- [Exercise]:
Each line of the data below between the one containing "Kies de voegband" and the one containing "d) Tổ chức thực", both included, is to be repeated exactly. Please omit pictures.

- [Supplied material]:
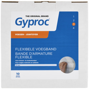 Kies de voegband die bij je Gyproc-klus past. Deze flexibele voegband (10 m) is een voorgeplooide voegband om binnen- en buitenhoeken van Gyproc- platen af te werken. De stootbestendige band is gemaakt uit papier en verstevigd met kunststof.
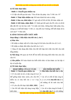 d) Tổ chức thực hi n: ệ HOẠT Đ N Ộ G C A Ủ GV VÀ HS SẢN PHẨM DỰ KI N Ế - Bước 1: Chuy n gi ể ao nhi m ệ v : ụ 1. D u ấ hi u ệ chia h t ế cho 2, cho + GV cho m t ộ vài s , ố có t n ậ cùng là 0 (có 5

==

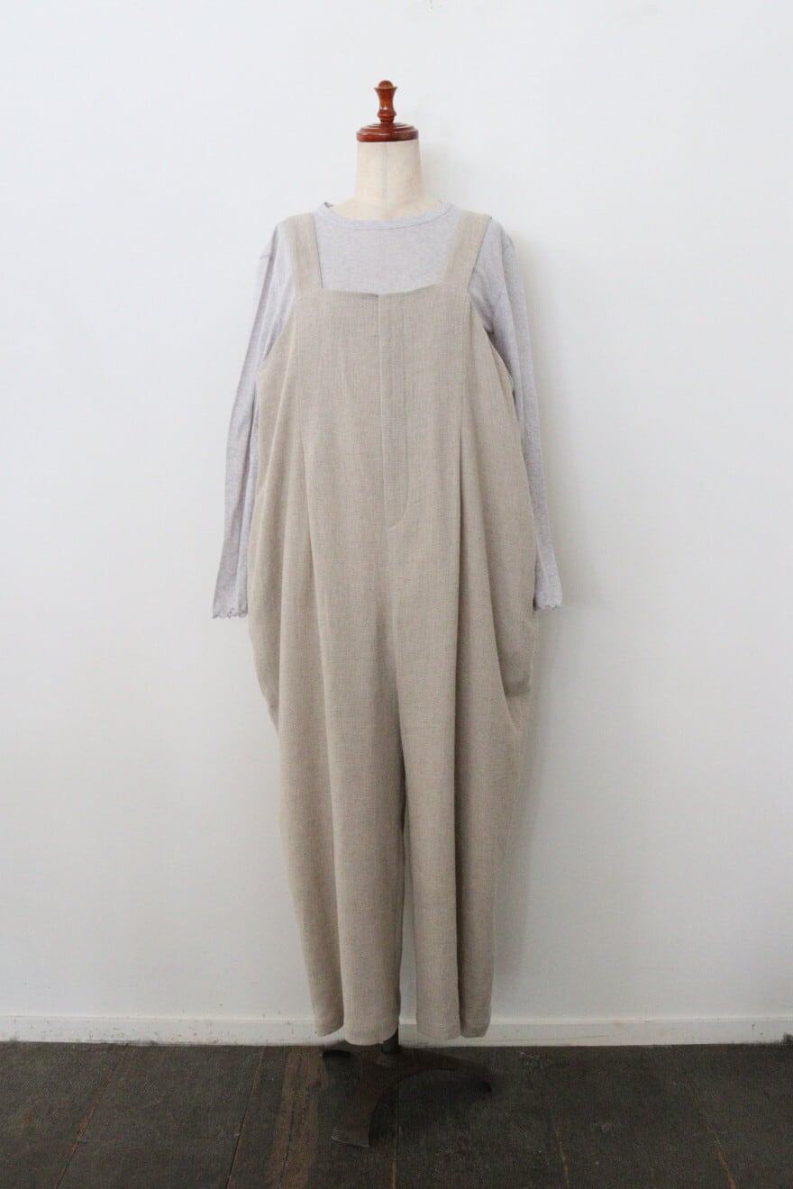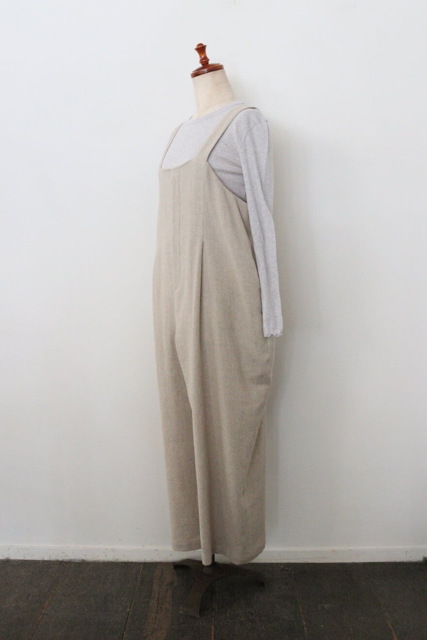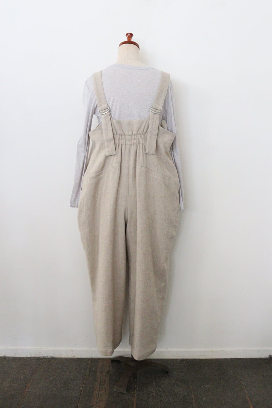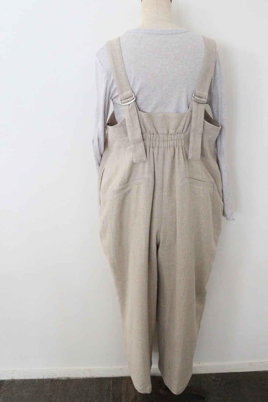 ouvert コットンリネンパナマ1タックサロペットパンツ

- [Solution below]:
 Kies de voegband die bij je Gyproc-klus past. Deze flexibele voegband (10 m) is een voorgeplooide voegband om binnen- en buitenhoeken van Gyproc- platen af te werken. De stootbestendige band is gemaakt uit papier en verstevigd met kunststof.
 d) Tổ chức thực hi n: ệ HOẠT Đ N Ộ G C A Ủ GV VÀ HS SẢN PHẨM DỰ KI N Ế - Bước 1: Chuy n gi ể ao nhi m ệ v : ụ 1. D u ấ hi u ệ chia h t ế cho 2, cho + GV cho m t ộ vài s , ố có t n ậ cùng là 0 (có 5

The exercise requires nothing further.